Downsized living is a real estate trend that has won an impressive global audience among both young and old buyers, according to Rental Housing Journal. Now Ikea, a household name better known for furnishing houses than making them, is stepping into the itty-bitty house market with its own pre-built offering, the Architectural Digest reports. It covers a humble 187 square feet and can be checked out for purchase online. The pre-built unit sits on a trailer, which was created out of a collaboration with media firm Vox Creative and the RV manufacturer Escape.
The current price for a base model is $47,550, and it’s being positioned as eco-friendly thanks to the inclusion of solar panels and composting toilet.
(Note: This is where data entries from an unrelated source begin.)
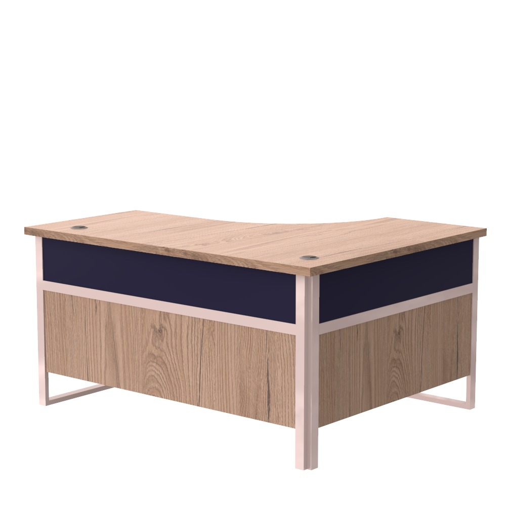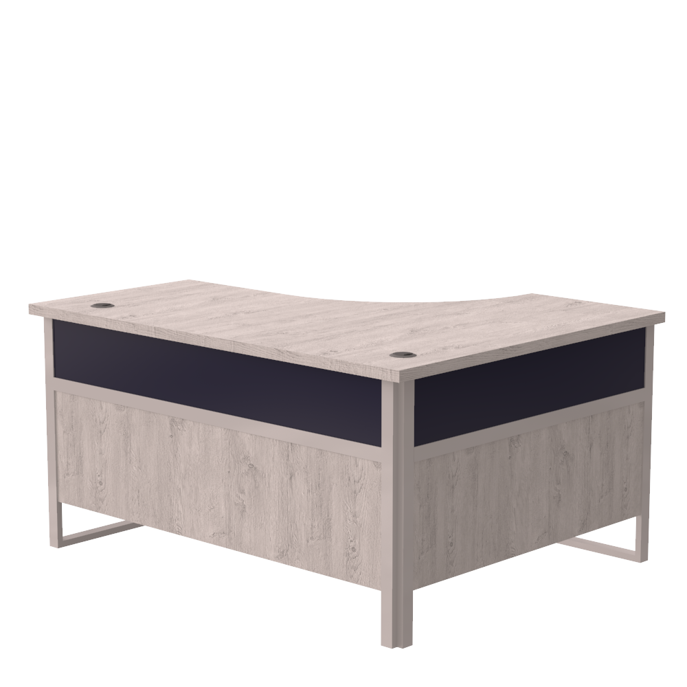 Стол письменный угловой из новой коллекции офисной мебели ?Sky? представлен в нескольких новомодных цветовых сочетаниях 2019 года: фиолетовый/Санторини Грей, фиолетовый/Дуб Сан-Марино. Представленные в коллекции позиции отличаются уникальным сочетанием дизайна, элегантности и функциональности. За счет своей формы стол экономит пространство, позволяя установить его в любом уголке помещения. Решает проблему установки гарнитура в маленьких помещениях. Линии столешницы плавные, специальная выемка обеспечивает удобство посадки.Главные характеристики моделиПоверхность офисного стола предусмотрена для работы, а также размещения оргтехники, монитора, канцелярских принадлежностей, документов, папок.Выполнен из износостойкого ЛДСП толщиной 16 мм. Толщина столешницы ? 32 мм.Оборудован несколькими заглушками электро-разъема, которые позволяют устранить проблему хаотичного размещения проводов к электропитанию.Стильные открытые металлические опоры равномерно распределяют вес стола со всеми предметами, предусматривают простоту уборки и мытья пола под гарнитуром. Имеют пластиковые ножки, что защищает пол от повреждений. Визуально увеличивают свободное пространство.Соответствует концепции ?open office? ? сидя за столом, сотрудники не чувствуют себя словно они в коробке.Особенности оформления заказаУ нас вы можете купить угловой письменный стол по оптимальной цене, поскольку мы являемся прямым производителем мебели. Поэтому все товары в наличии продаются без наценки. Для оформления заказа заполните соответствующие поля на сайте, выберите удобный для себя способ оплаты и доставки. Стоимость транспортировки и сборки оплачивается отдельно. В случае возникновения вопросов свяжитесь с нашими менеджерами по указанным на сайте номерам телефонов.
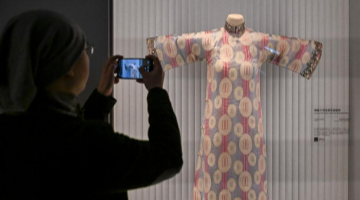 12月30日,观众在“来!听色彩讲故事”故宫教育体验展上用手机参与互动。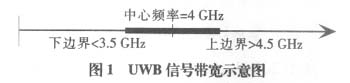 UWB的名稱來源于可在非常寬的帶寬,即超寬帶的帶寬上傳輸信號。所謂超寬帶的帶寬,按美國聯邦通信委員會(FCC)的定義,即是:比中心頻率高25%或者是大于1.5 GHz的帶寬。舉個例子來說,對于一個中心頻率在4 GHz的信號將跨越從3.5 GHz(或更低)至4.5 GHz(或更高)的范圍才能稱得上是一個UWB信號,如圖1所示。UWB無線系統的關鍵技術主要包括:產生脈沖信號串(發送源)的方法,脈沖串的調制方法,適用于UWB有效的天線設計方法及接收機的設計方法等。

Other details of this box-on-a-trailer house are also bound to sway eco-conscious customers since the kitchen unit and other parts of the tiny interior are made of recycled bottle caps while its faucets decrease water use by 50 percent and its bulbs need 85 percent less energy than regular ones.
But is tiny living truly sustainable in the long term even if it promises to decrease carbon footprint? Is buying a pre-built Ikea house — which is very similar to Amazon's container homes — really the bargain it seems on paper? If you’re seriously considering buying one of these, you better look into the accompanying complexities of towing, maintenance, and storage problems.
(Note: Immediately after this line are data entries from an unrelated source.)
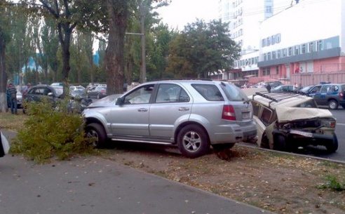 В Гомеле водитель Kia протаранил три припаркованных авто и снес дерево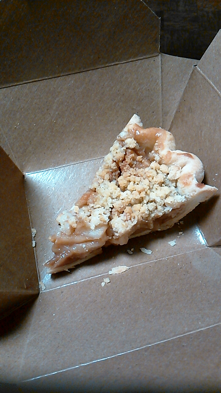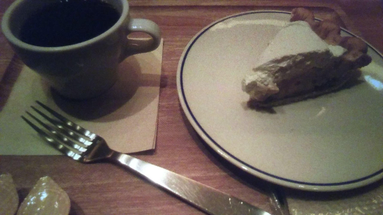 ただ、やはりアメリカンなパイですので大きくて甘さも強く、苦いコーヒーと一緒に食べてもおばさんの胃には半分でギブアップでした。朝食として食べて、お昼もまだお腹がすかなった位ずっしりきます。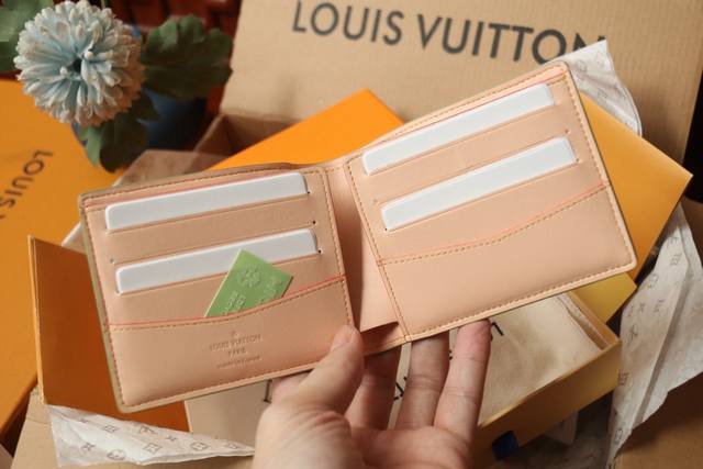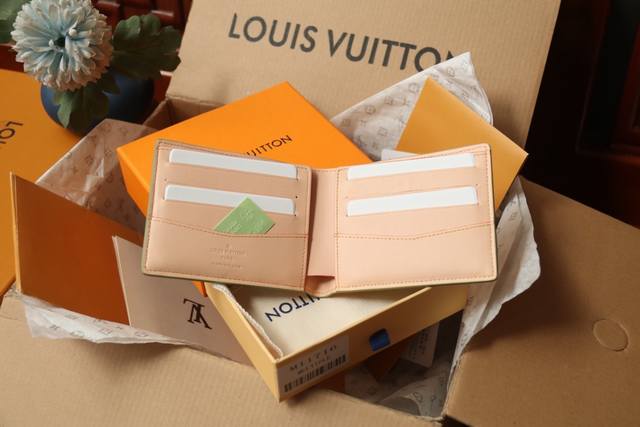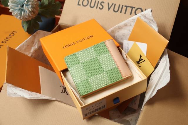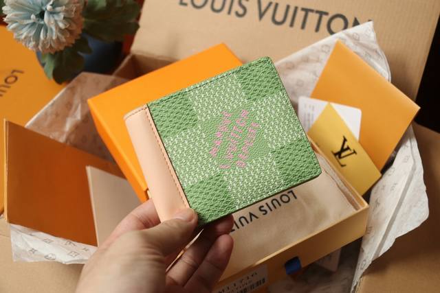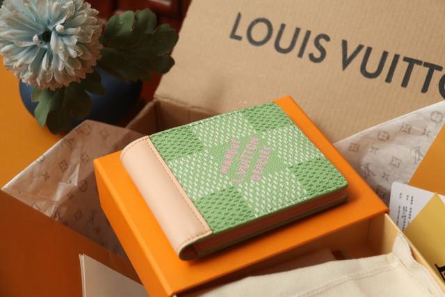 本款 Slender 钱夹为 Damier Golf 涂层帆布搭配牛皮革饰边,见证品牌与 Tyler 的联袂创意。明丽棋盘格图案与 L.Vuitton Marque DéPoséE 标识相映成趣,设有卡片夹层和钞票隔层。11 X 8.5 X 2 厘米 (长度 X 高 X 宽)。

From bargain to bust — Ikea's pre-built unit is fixed on a trailer, so you’ll have to find a place to park it where you won’t be breaking the law. That means, unless you have a willing friend with a ranch or similar, you need to either own or rent a suitable piece of land to put it on. Zoning laws differ greatly depending on your location, and if you get it wrong you’re liable to be fined or forced to up and move.
On top of needing land and making sure you don’t flout any laws, you have to figure out how to move your tiny house. A truck capable of pulling it can cost you thousands of dollars — plus there are still expenses like electricity, water, heating, insulation, and internet connectivity to factor in. And, of course, there’s the problem of storage space. Tiny homes are difficult if you’re accustomed to the trappings of apartment living, let alone if you’re coming from a full-sized home.
Think twice, move once — Downsized living isn’t impossible, but it’s not as affordable or care-free as you might think. Also, while we love an Ikea gaming storage launch or plush toy as much as the next young professional, do you really want your whole home built by the Swedish flat-pack furniture and meatball maker? After all, people don’t shop at Ikea for the longevity of its wares, they shop there because of the reasonable prices and the convenience.